┌────────

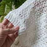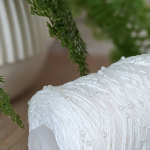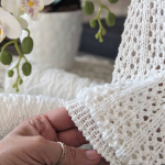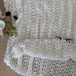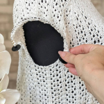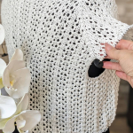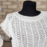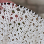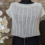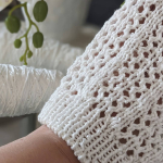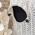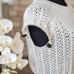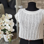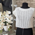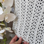 Особливого шарму полотну додає ажурний візерунок у вигляді вертикальних сітчастих доріжок. Подекуди між петельками мережива розташовані ніжні перлинки, які грайливо заповнюють простір. Візерунок виглядає дуже делікатно та гармонійно, не перевантажуючи образ, а навпаки — підкреслюючи легкість і витонченість виробу.
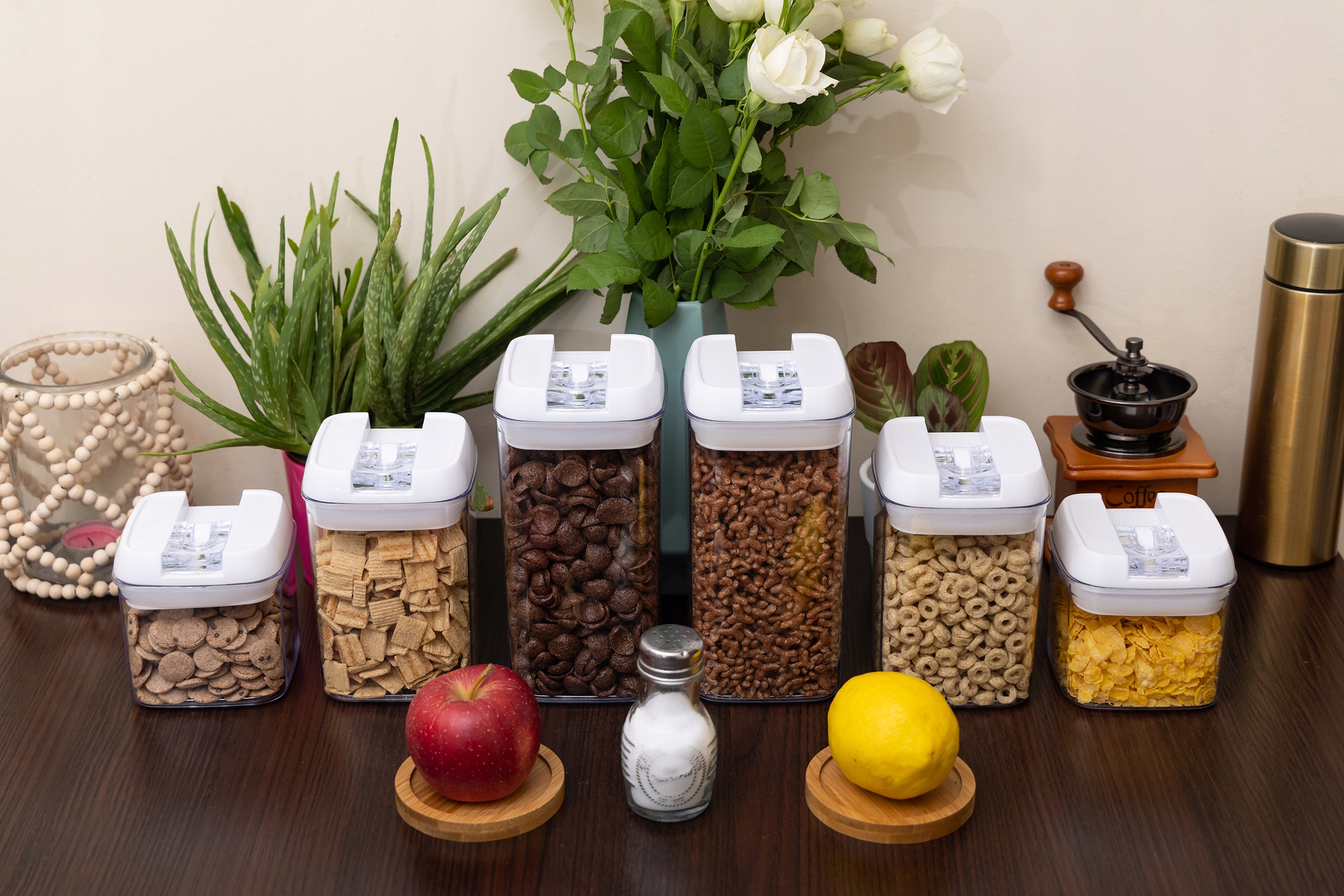 Кожна з цих ємностей оснащена міцною пластиковою кришкою, яка забезпечує герметичність і захищає ваші продукти від вологи та втрати свіжості.
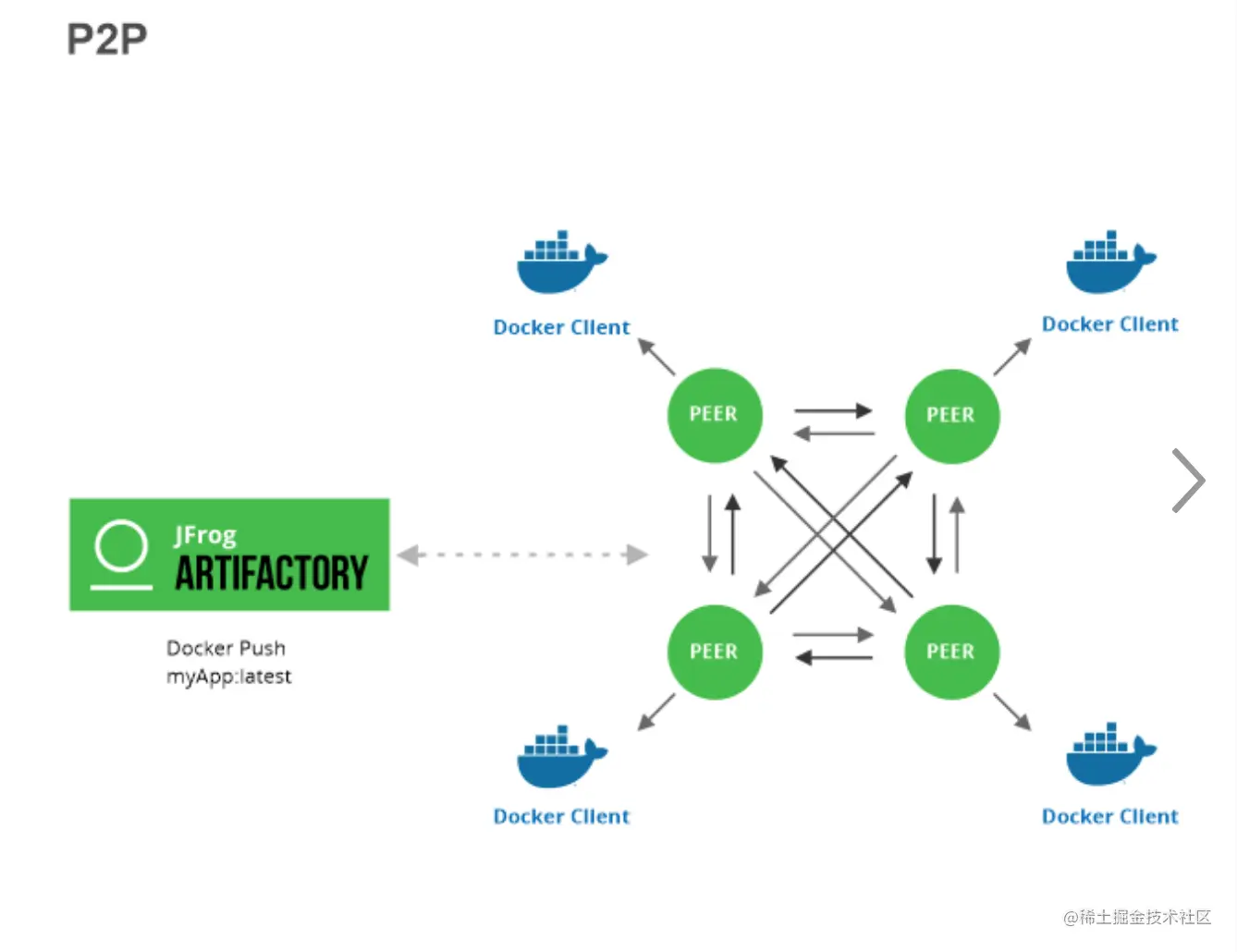 l P2P Swarm: 是一个peers 节点的逻辑集合,它形成了分布式的网络,用于给集群内的 Docker 客户端共享制品。
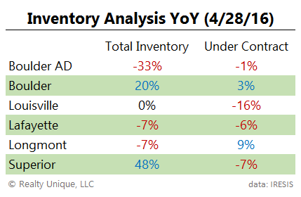 Here’s our latest inventory analysis for Boulder real estate markets compared to last year.
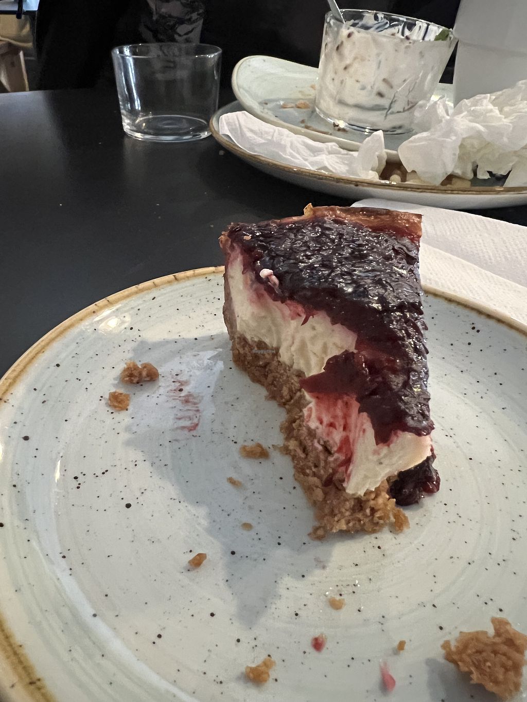 I stopped by Kaf during my trip to Copenhagen and absolutely loved it. The atmosphere was cozy and welcoming, perfect for a quiet break in the middle of the day. I tried their vegan New York cheesecake, and it was a pleasant surprise—rich and creamy, but not overly sweet. The blackberry on top added a fresh, tangy touch that balanced the flavors beautifully.
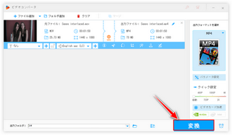 画面一番下にある「▼」アイコンをクリックして新しい動画の出力先を設定します。最後に「変換」ボタンをクリックし、ソフトに読み込んだ全ての動画を60iから60pに一括で変換します。
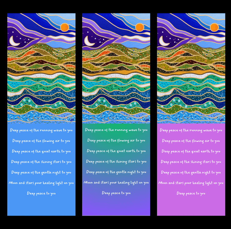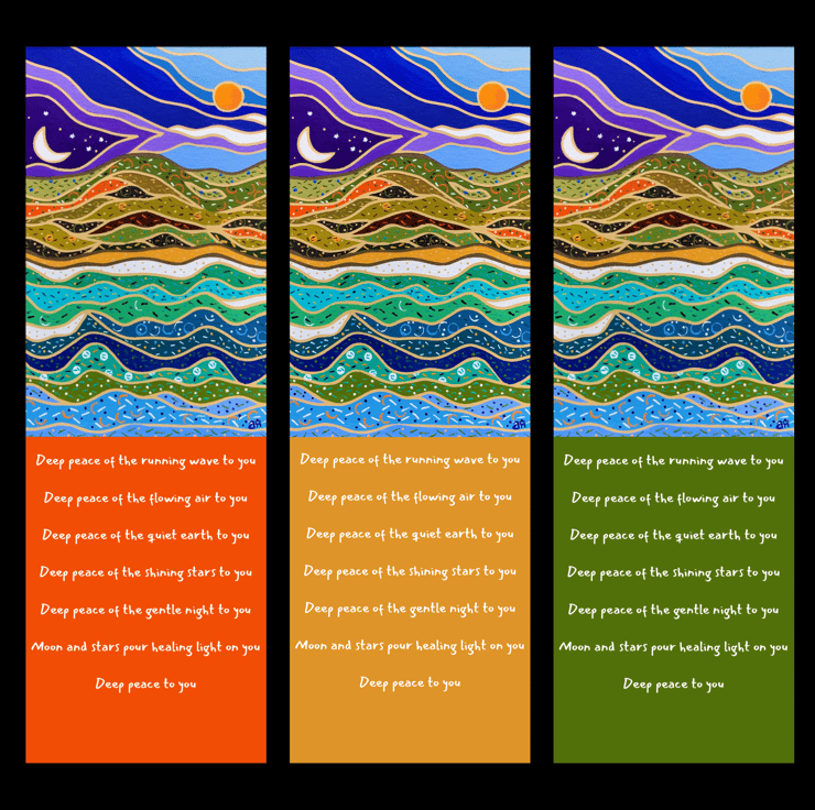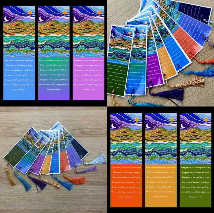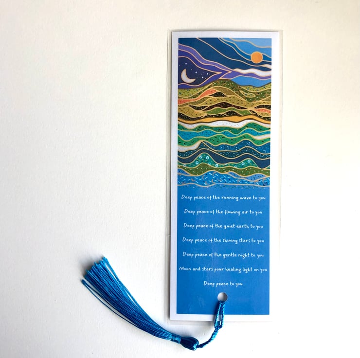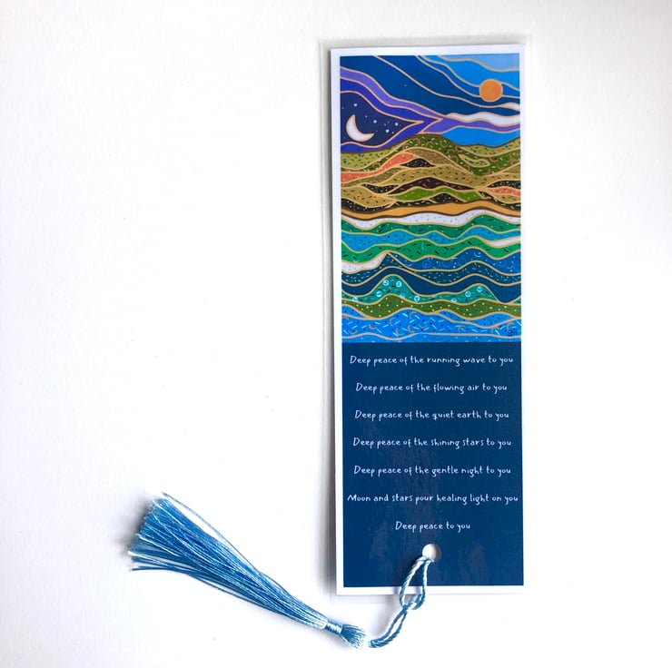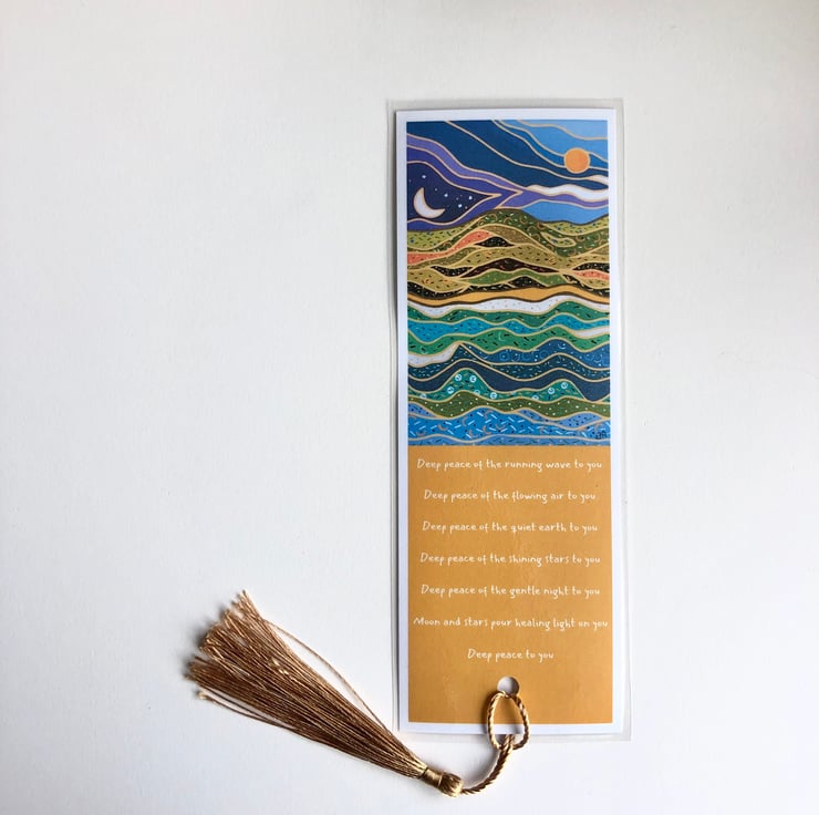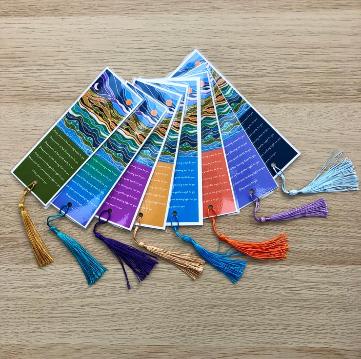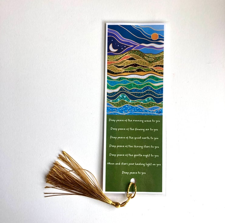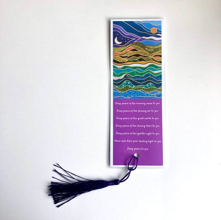 The laminated 15x5cm bookmarks feature part of the Deep Peace Blessing below an extract from an acrylic painting that I made. Each bookmark is finished off with a silky tassel (please note tassel colours may vary from those illustrated but will always tone with the bookmark).
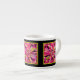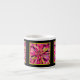 Um abstrato em tons de rosa, vermelho, laranja, roxo, chartreuse, verde-oliva, vinho e lavanda em fundo preto.
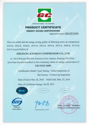 Certification d'économie d'énergie pour les compresseurs d'air JN18-8, JN22-8, JN30-8, JN37-8, JN45-8, JN55-8, JN75-8, JN90-8, JN110-8, JN132-8, et JN200-8

└────────

Write out again exactly the lines above from the one with "Here’s our latest" through the one with "I stopped by", adding no other lines and no pictures.

 Here’s our latest inventory analysis for Boulder real estate markets compared to last year.
 I stopped by Kaf during my trip to Copenhagen and absolutely loved it. The atmosphere was cozy and welcoming, perfect for a quiet break in the middle of the day. I tried their vegan New York cheesecake, and it was a pleasant surprise—rich and creamy, but not overly sweet. The blackberry on top added a fresh, tangy touch that balanced the flavors beautifully.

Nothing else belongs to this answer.